Biotelemetric system of centralized multi-parameter express diagnostics and monitoring of human functional state
The ideology of spatially distributed biotelemetric system of collection, processing and storage of biomedical information using the concept of Internet of Things (IoT) is developed. The system consists of personal measuring devices for registration of a set of basic vital biosignals parameters (electrocardiography (ECG), electroencephalography (EEG) photoplethysmography (PPG), impedance), multichannel central server system. A cloud service for storing and analyzing the results of measurements of biosignal parameters, algorithms and software for analyzing biosignals to select diagnostically significant parameters for assessing the human functional state on the basis of electrocardiography and electroencephalography of high resolution, heart rate and impedance parameters is developed. Approaches to the use of machine learning to determine anomalies of the functional state are analyzed and developed.

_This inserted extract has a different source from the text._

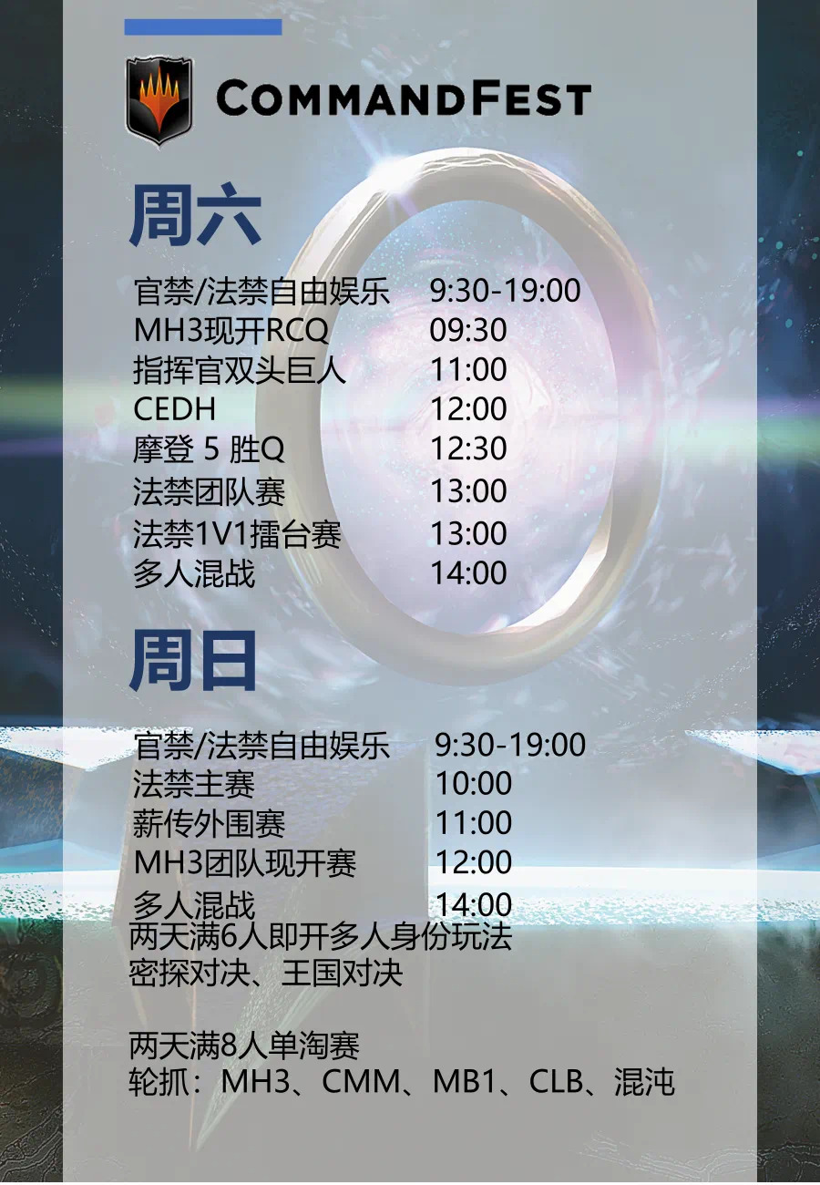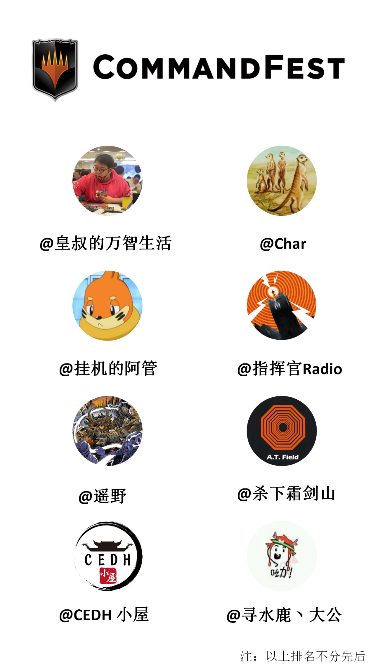 玩法,指挥官作为一个以娱乐为主的赛制,向来不是只有一种玩法,官禁、法禁、等等等等,在 CommandFest 的舞台,我们希望与玩家共创一次指挥官节,无论您想玩何种玩法,只要能够有支撑游戏开始的人数,请与我们联系,我们都愿意协助组织。这个周末,社群的你才是主角。截止目前我们已经和法禁、 CEDH 的社群沟通相关活动。如果你也有一群小伙伴想要玩其他的玩法,欢迎与我们联系。

Using the methods of machine learning, the informative features for the detection of pathological conditions of the organism are determined and compared, and the classification methods that provide the highest accuracy for this task are selected. Biological signals in the time domain, frequency domain, spectral temporal and wavelet characteristics are considered. With these sets of features, the results of the work of classifiers based on decision trees, discriminant analysis, logistic regression, the method of k-nearest neighbors are obtained. Sets of features and models of machine learning are proposed, which provide the highest accuracy of recognition of the norm and pathology of the functional state of man.